ACTIVITY. Restate every record word for word, without the pictures.

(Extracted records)

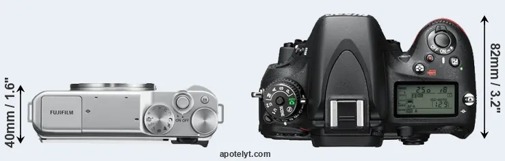 The physical size and weight of the Fujifilm X-A10 and the Nikon D610 are illustrated in the side-by-side display below. The two cameras are presented according to their relative size. Three successive views from the front, the top, and the rear are shown. All width, height and depth measures are rounded to the nearest millimeter.
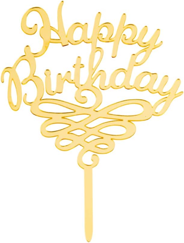 - PERSONALIZE YOUR PARTY: Make it a fun celebration with this happy birthday cake topper. The added stylized swirls add a touch of sophistication and are certain to put smiles on any face.
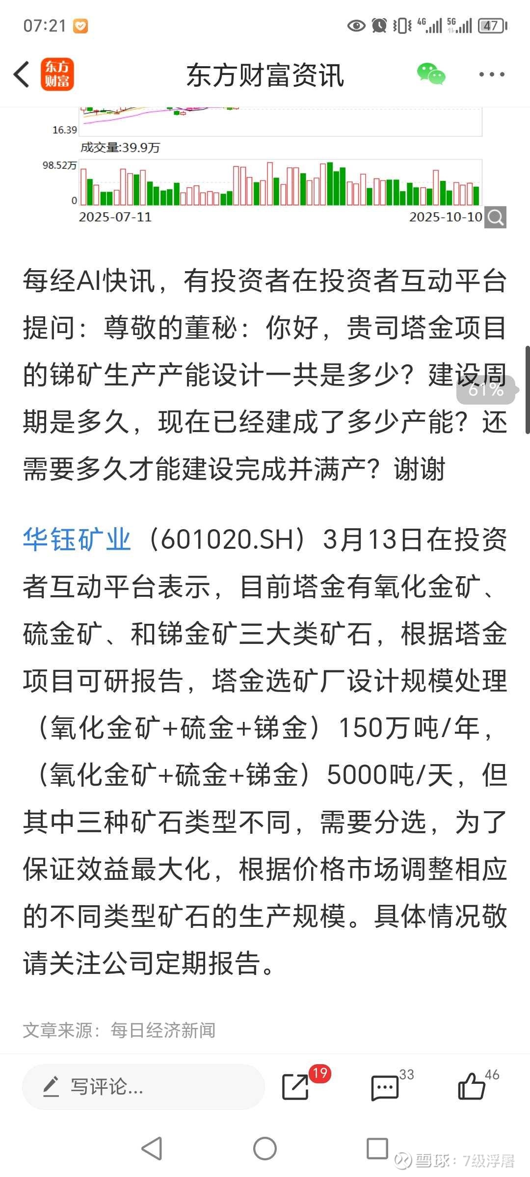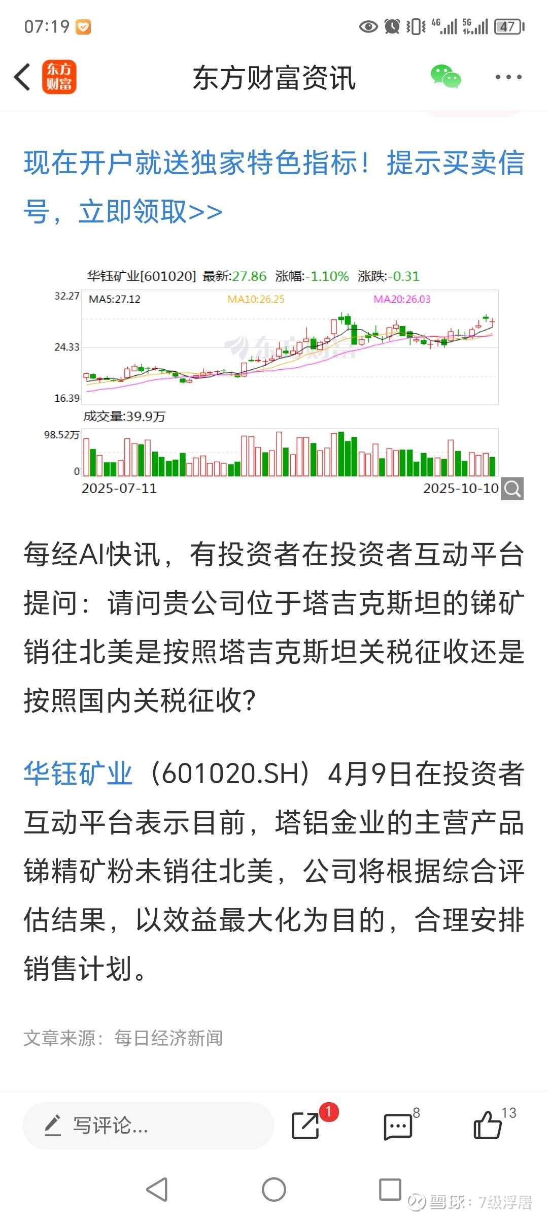 昨天正值特朗普要加关税,作为重要稀土资源,三季度业绩暴涨的公司,同时受益于锑价上涨和黄金上涨的公司,又有固态电池概念,多重利好下,华钰矿业目前的股价正好在16和17年的历史高位盘整,且已经洗盘调整1个半月,是否能借此机会,突破历史新高。让我们拭目以待。$华钰矿业(SH601020)$ $东芯股份(SH688110)$ $上海电力(SH600021)$ @小秘书
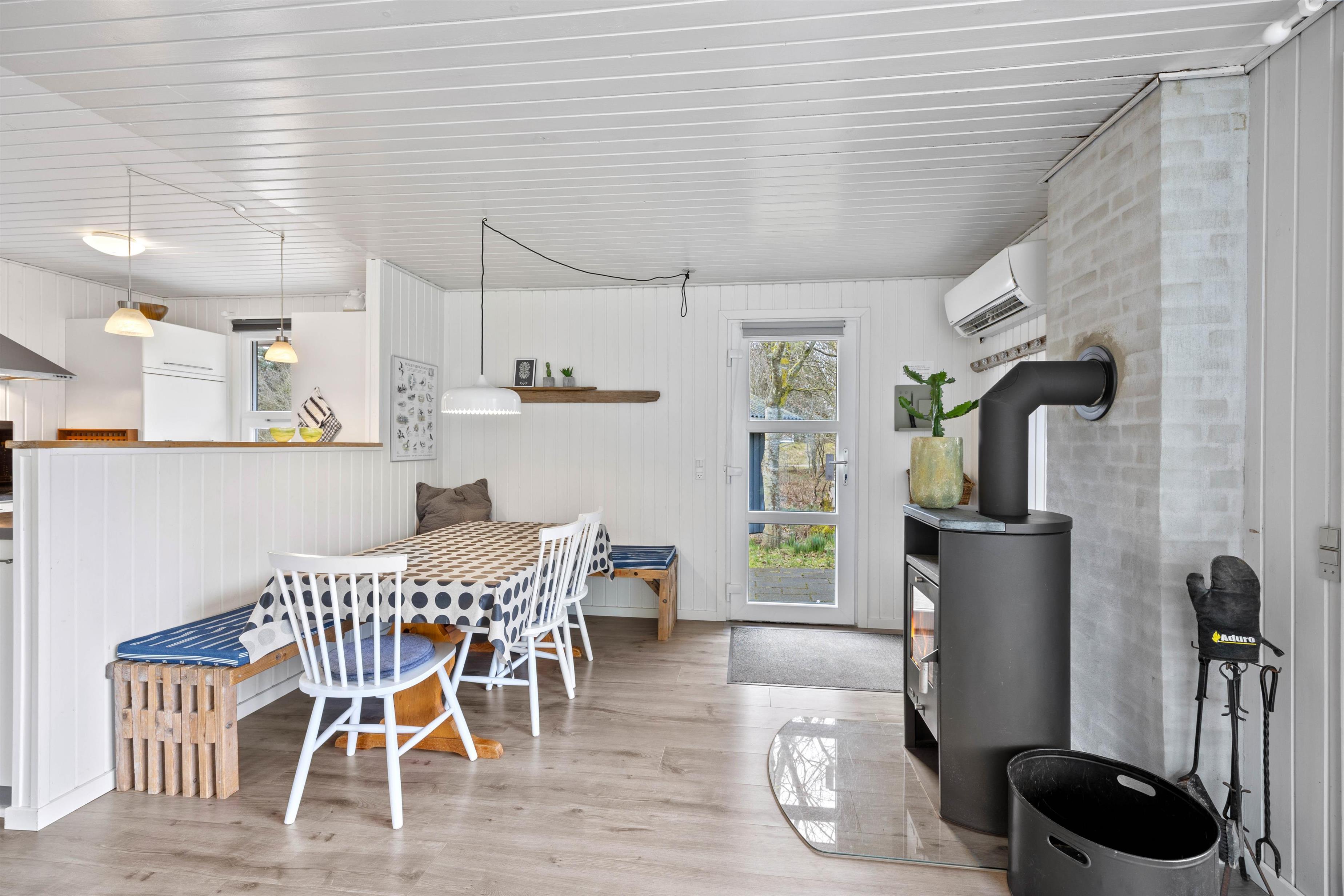 I feriehuset på Engesøvej 64 kan I glemme hverdagens stress. Det åbne køkken-alrum i forbindelse med opholdsstuen er feriehusets naturlige samlingspunkt. I det velassorterede køkken kan I tilberede lækre måltider og eventuelt lave en fælles madlavningsaften. Ved spisebordet kan I dække hyggeligt op til middagen, eller I kan spille brætspil. Senere kan I trække jer tilbage til udestuen, som er indrettet med behagelige siddepladser. Brændeovnen i stuen er placeret således, at varmen derfra kommer både spisepladsen og sofagruppen til gode.
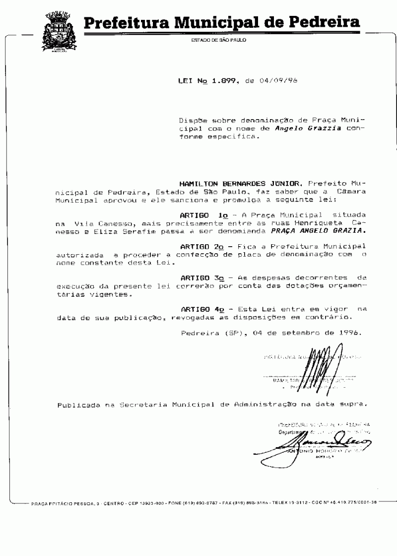 Ementa: Dispõe sobre denominação de Praça Municipal com o nome de Angelo Grazzia conforme especifica.
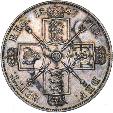 1887 Double Florin (Arabic 1) - Victoria British Silver Coin - Nice
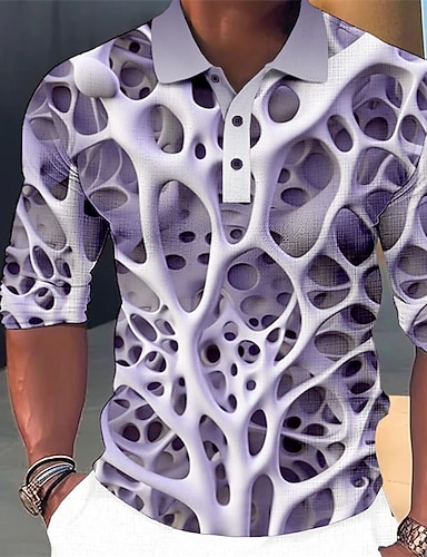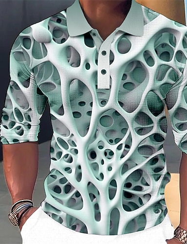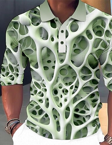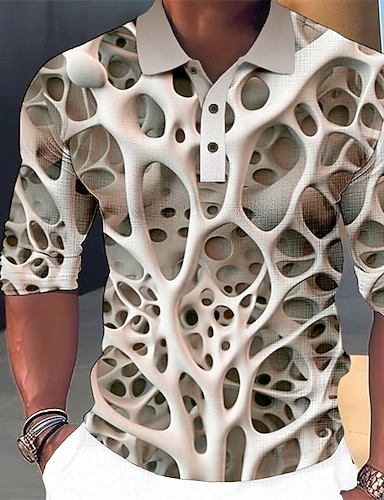 Homme Géométrique Chemises Polo Gaufre Chemise de golf manche longue Polos Chemises à Col Occasionnel Vêtements de vacances Tenue formelle Vêtements de festival Boutons Impression 3D Printemps

OUTPUT.
 The physical size and weight of the Fujifilm X-A10 and the Nikon D610 are illustrated in the side-by-side display below. The two cameras are presented according to their relative size. Three successive views from the front, the top, and the rear are shown. All width, height and depth measures are rounded to the nearest millimeter.
 - PERSONALIZE YOUR PARTY: Make it a fun celebration with this happy birthday cake topper. The added stylized swirls add a touch of sophistication and are certain to put smiles on any face.
 昨天正值特朗普要加关税,作为重要稀土资源,三季度业绩暴涨的公司,同时受益于锑价上涨和黄金上涨的公司,又有固态电池概念,多重利好下,华钰矿业目前的股价正好在16和17年的历史高位盘整,且已经洗盘调整1个半月,是否能借此机会,突破历史新高。让我们拭目以待。$华钰矿业(SH601020)$ $东芯股份(SH688110)$ $上海电力(SH600021)$ @小秘书
 I feriehuset på Engesøvej 64 kan I glemme hverdagens stress. Det åbne køkken-alrum i forbindelse med opholdsstuen er feriehusets naturlige samlingspunkt. I det velassorterede køkken kan I tilberede lækre måltider og eventuelt lave en fælles madlavningsaften. Ved spisebordet kan I dække hyggeligt op til middagen, eller I kan spille brætspil. Senere kan I trække jer tilbage til udestuen, som er indrettet med behagelige siddepladser. Brændeovnen i stuen er placeret således, at varmen derfra kommer både spisepladsen og sofagruppen til gode.
 Ementa: Dispõe sobre denominação de Praça Municipal com o nome de Angelo Grazzia conforme especifica.
 1887 Double Florin (Arabic 1) - Victoria British Silver Coin - Nice
 Homme Géométrique Chemises Polo Gaufre Chemise de golf manche longue Polos Chemises à Col Occasionnel Vêtements de vacances Tenue formelle Vêtements de festival Boutons Impression 3D Printemps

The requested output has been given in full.